State ex rel. Shaw v. Baker

32 Mo. App. 98, 1888 Mo. App. LEXIS 349
CourtMissouri Court of Appeals
DecidedOctober 16, 1888
StatusPublished
Cited by12 cases

This text of 32 Mo. App. 98 (State ex rel. Shaw v. Baker) is published on Counsel Stack Legal Research, covering Missouri Court of Appeals primary law. Counsel Stack provides free access to over 12 million legal documents including statutes, case law, regulations, and constitutions.

Bluebook
State ex rel. Shaw v. Baker, 32 Mo. App. 98, 1888 Mo. App. LEXIS 349 (Mo. Ct. App. 1888).

Opinion

Rombauer, P. J.,

delivered the opinion of the court.

The respondents move to quash the alternative writ issued herein on the ground that it states no facts which entitle the relator to the remedy he seeks.

The material facts stated in the writ, which this motion concedes to be true, are substantially as follows :

The city of Rolla is a municipal corporation. Prior to July 4, 1888, and on said date, certain ordinances were laws governing said corporation. One of said ordinances provided that the tax for a dram-shop license should be seventy-five dollars.
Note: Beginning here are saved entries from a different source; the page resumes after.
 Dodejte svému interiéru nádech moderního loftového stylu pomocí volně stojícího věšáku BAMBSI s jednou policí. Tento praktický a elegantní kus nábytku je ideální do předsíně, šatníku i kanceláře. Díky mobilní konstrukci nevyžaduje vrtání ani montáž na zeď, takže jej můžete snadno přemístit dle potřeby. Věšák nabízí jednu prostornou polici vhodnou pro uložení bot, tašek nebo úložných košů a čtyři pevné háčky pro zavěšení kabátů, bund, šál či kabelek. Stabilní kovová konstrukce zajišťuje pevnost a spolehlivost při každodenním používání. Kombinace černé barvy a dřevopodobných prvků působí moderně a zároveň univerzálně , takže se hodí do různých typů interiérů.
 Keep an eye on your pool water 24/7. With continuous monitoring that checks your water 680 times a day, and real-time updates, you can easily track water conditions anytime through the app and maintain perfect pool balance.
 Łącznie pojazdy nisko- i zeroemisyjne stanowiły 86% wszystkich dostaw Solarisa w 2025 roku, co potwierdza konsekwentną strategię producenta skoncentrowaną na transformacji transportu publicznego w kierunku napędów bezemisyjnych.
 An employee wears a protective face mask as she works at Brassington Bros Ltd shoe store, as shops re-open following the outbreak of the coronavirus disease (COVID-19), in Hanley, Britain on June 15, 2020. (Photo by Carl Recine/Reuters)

Another of said ordinances provided that, “No action, prosecution, suit, or proceeding, pending at the time any ordinance or part of any ordinance shall be repealed, shall be affected in any way by such repeal, but any such action, prosecution, suit, or proceeding shall proceed in all respects as if such ordinance or part of ordinance had not been repealed.”
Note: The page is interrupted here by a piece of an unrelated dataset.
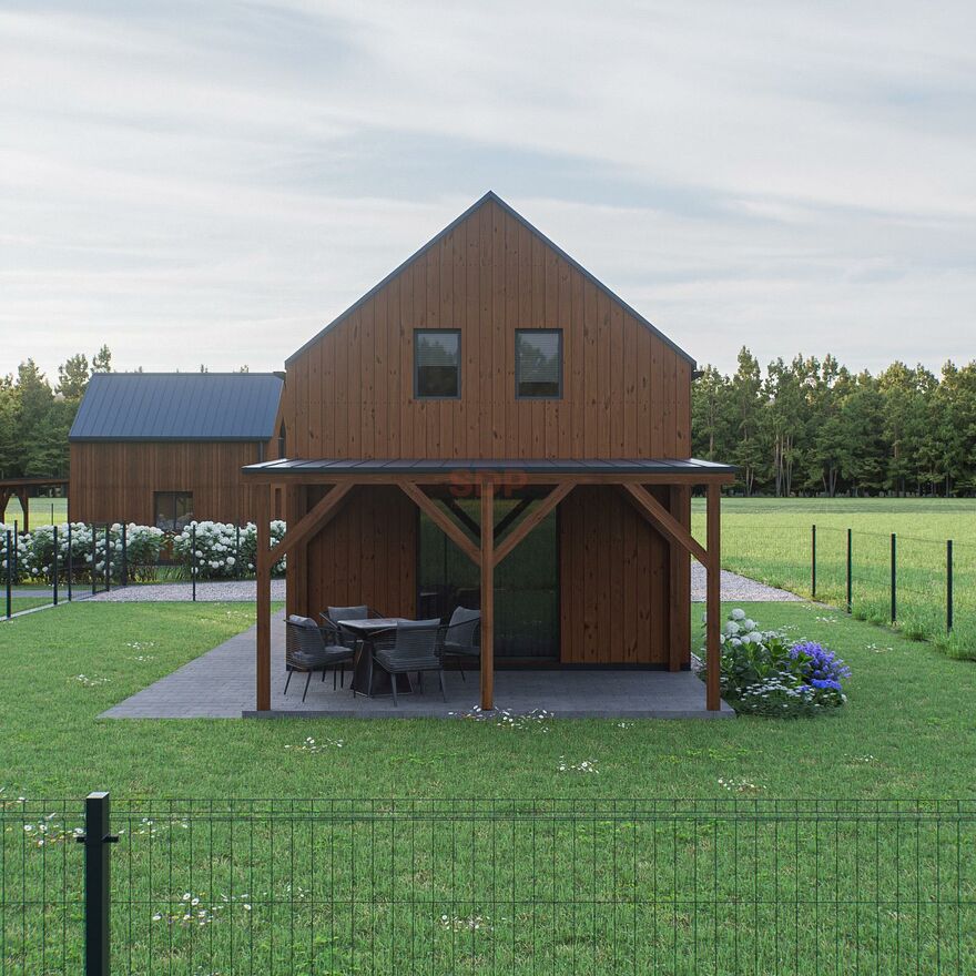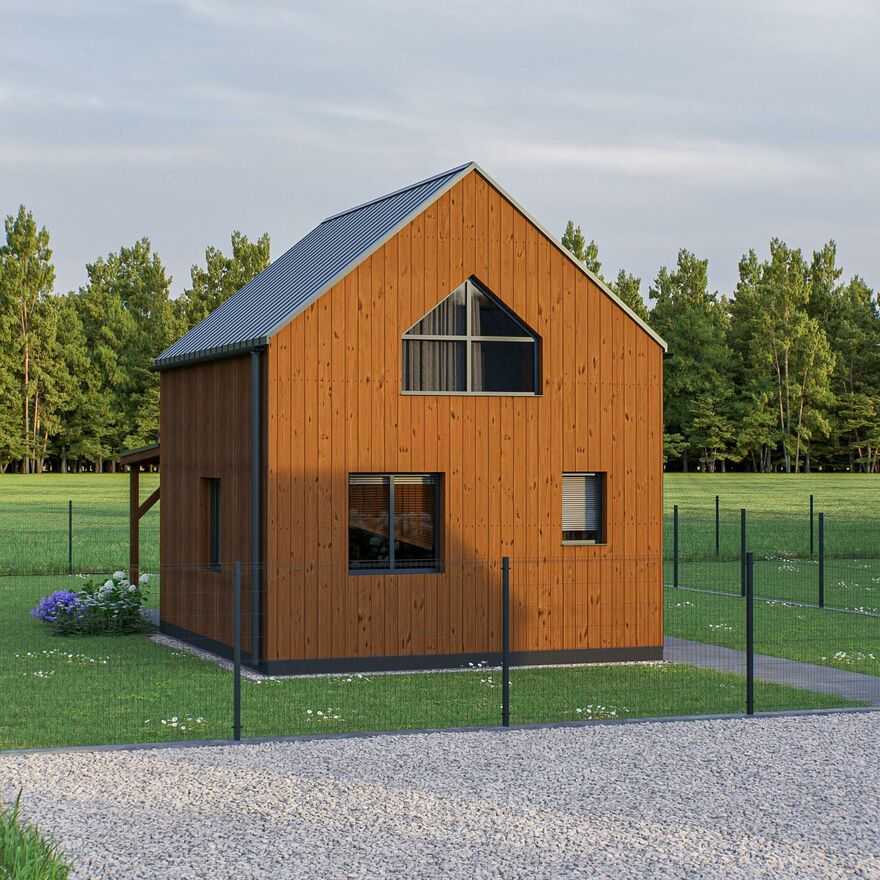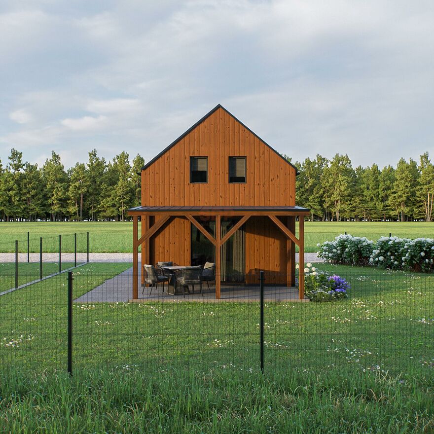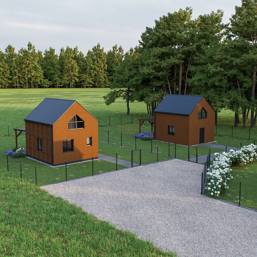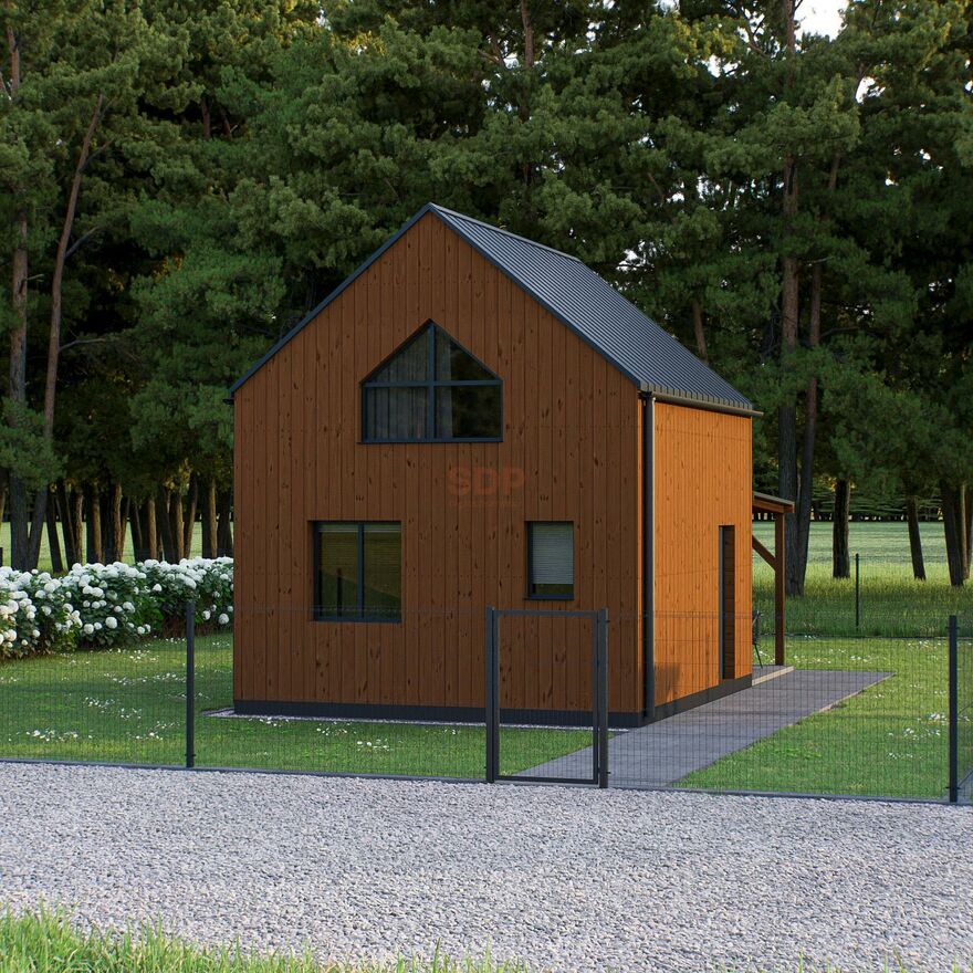 Powierzchnia domku: 50 m2 (parter: 30 m2, antresola: 20 m2, taras: 15 m2).

The relator on the faith of these ordinances applied for a dram-shop license. As the law-required that he should have a state and county, license as well as one from the city, he applied for the former first, July 4, 1888, and such license was granted to him by the county [101]*101court upon execution of the statutory bond and the’payment of $282.45, July 5, 1888. On the same day he filed his application for a city license accompanied by the proper bond and a tender of the seventy-five dollars tax required by the existing ordinance. It was thereupon moved in the council that the license be granted him, but while this motion was pending and undetermined, the city council passed another ordinance, which was approved by the mayor, raising the city dram-shop tax from seventy-five dollars to three hundred dollars, and after the approval of this ordinance the council refused to grant a license to relator unless he paid the three hundred dollars tax as required by the new ordinance.

It is conceded by the written motion that the relator .is a man of good moral character, and has complied with all the requirements of the state and municipal law in force when he made application for the city license.
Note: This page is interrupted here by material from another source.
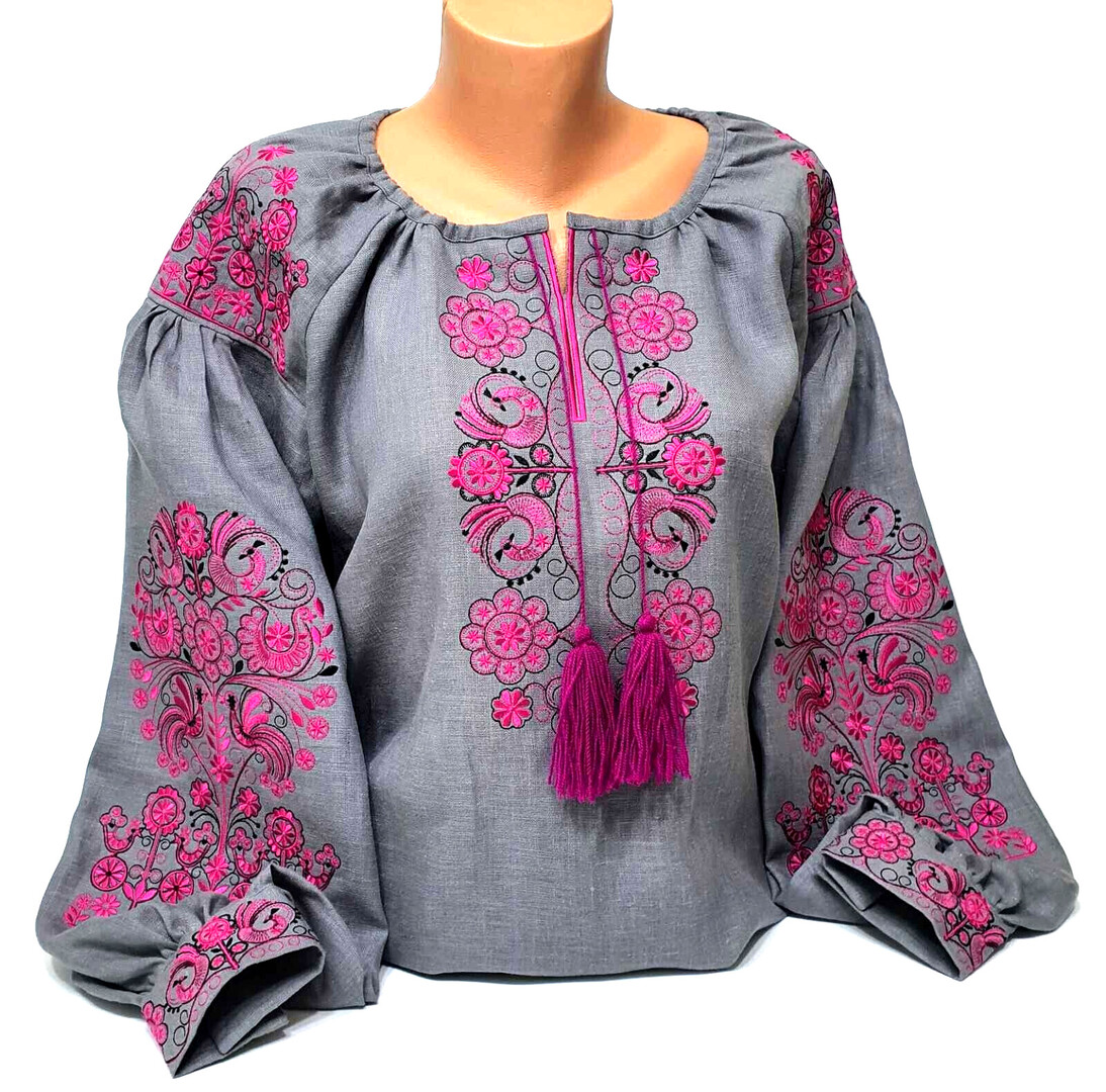Ukrainian Embroidered Blouse women grey Sorochka Vyshyvanka Tradition Any size

The respondents argue that the granting of fi license confers no contract rights, but simply a privilege which may be revoked at any time by the same authority that gave it. If this argument is intended to convey the idea that the privilege may be abrogated at any time without sufficient cause, then it is opposed to the decisions in this state. City of Hannibal v. Guyott, 18 Mo. 515; McElhany v. McHenry, 26 Mo. 174.

The license is certainly a mere privilege, but while it is exercised in strict compliance with the applicatory police regulations, it is within the protection of the law, and to that extent at least equivalent to a contract right.

The respondents further argue that the granting of a license by the city council is discretionary, and this discretion is not subject to the control of the courts'. This is unquestionably true, but the argument loses sight of the fact that where, as here, all elements bearing upon the question of discretion are eliminated from the case, the question resolves itself into one of legal [102]*102duty, which may be enforced by mandamus. State ex rel. v. Meyers, 80 Mo. 601.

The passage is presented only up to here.